A despeito de o panorama não ser de uma clareza solar, não verificamos nenhum conflito real de normas. O que existe é a ausência de lei que preveja a natureza indenizatória da gratificação de gabinete. A classificação como indenizatória sustentava-se unicamente pela previsão na Lei nº 10.442/1988, e com sua revogação pela Lei nº 17.224/2019, não há mais o que justifique esta condição. Há apenas a Ordem Interna nº 446/2011, que ainda estipula a natureza indenizatória da gratificação de gabinete e o afastamento do respeito ao teto remuneratório, inobstante sua aplicabilidade tenha se tornado inócua, já que não há mais lei que dê sustentáculo à sua validade, em virtude da óbvia hierarquia das normas. É possível afirmar que não há lei que preveja a natureza indenizatória da gratificação de gabinete. A gratificação de gabinete, portanto, é uma vantagem pessoal não indenizatória. A sua natureza indenizatória decorria de previsão legal, que já não existe mais.

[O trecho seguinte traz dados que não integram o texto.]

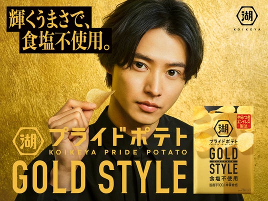 株式会社湖池屋(社長:佐藤 章)は、3月11日(月)に全国コンビニエンスストア、3月18日(月)に全国スーパーマーケット等一般チャネルで発売する新商品「湖池屋プライドポテト GOLD STYLE 食塩不使用」のイメージキャラクターを務める山崎賢人さんを起用した新TVCM「Gold Style Tasting 企業努力篇/難題篇/知恵篇」(各15秒)を、3月16日(土)から全国(一部地域を除く)で順次放映します。食塩不使用でありながらも輝くようなおいしさを実現した「GOLD STYLE 食塩不使用」 の味わいを訴求する本TVCMは、じゃがいものオブジェのような“芋神さま”が見守るゴールドの抽象空間で山崎さんが「GOLD STYLE 食塩不使用」を試食するシンプルなストーリー。“芋神さま”が発する天の声に「食塩を使用していない」ことを教えられた山崎さんがストレートな疑問を投げかけ、さらに“芋神さま”がユニークなひと言を返すというウィットに富んだ演出を採用しています。「GOLD STYLE 食塩不使用」 を自然体で味わい、演じることなく“素”のリアクションを見せる山崎さんのナチュラルな表情と、「CMでそんなこと言っても大丈夫なの?」と思わず心配してしまいそうな“芋神さま”へのストレートすぎる問いかけにご注目ください。

2. Do Teto Remuneratório Constitucional:
A Constituição Federal dispõe sobre o teto remuneratório do funcionalismo público nos seguintes termos:
Art. 37…………………………………….
XI – a remuneração e o subsídio dos ocupantes de cargos, funções e empregos públicos da administração direta, autárquica e fundacional, dos membros de qualquer dos Poderes da União, dos Estados, do Distrito Federal e dos Municípios, dos detentores de mandato eletivo e dos demais agentes políticos e os proventos, pensões ou outra espécie remuneratória, percebidos cumulativamente ou não, incluídas as vantagens pessoais ou de qualquer outra natureza, não poderão exceder o subsídio mensal, em espécie, dos Ministros do Supremo Tribunal Federal, aplicando-se como limite, nos Municípios, o subsídio do Prefeito, e nos Estados e no Distrito Federal, o subsídio mensal do Governador no âmbito do Poder Executivo, o subsídio dos Deputados Estaduais e Distritais no âmbito do Poder Legislativo e o subsídio dos Desembargadores do Tribunal de Justiça, limitado a noventa inteiros e vinte e cinco centésimos por cento do subsídio mensal, em espécie, dos Ministros do Supremo Tribunal Federal, no âmbito do Poder Judiciário, aplicável este limite aos membros do Ministério Público, aos Procuradores e aos Defensores Públicos; (Redação dada pela Emenda Constitucional nº 41, 19.12.2003)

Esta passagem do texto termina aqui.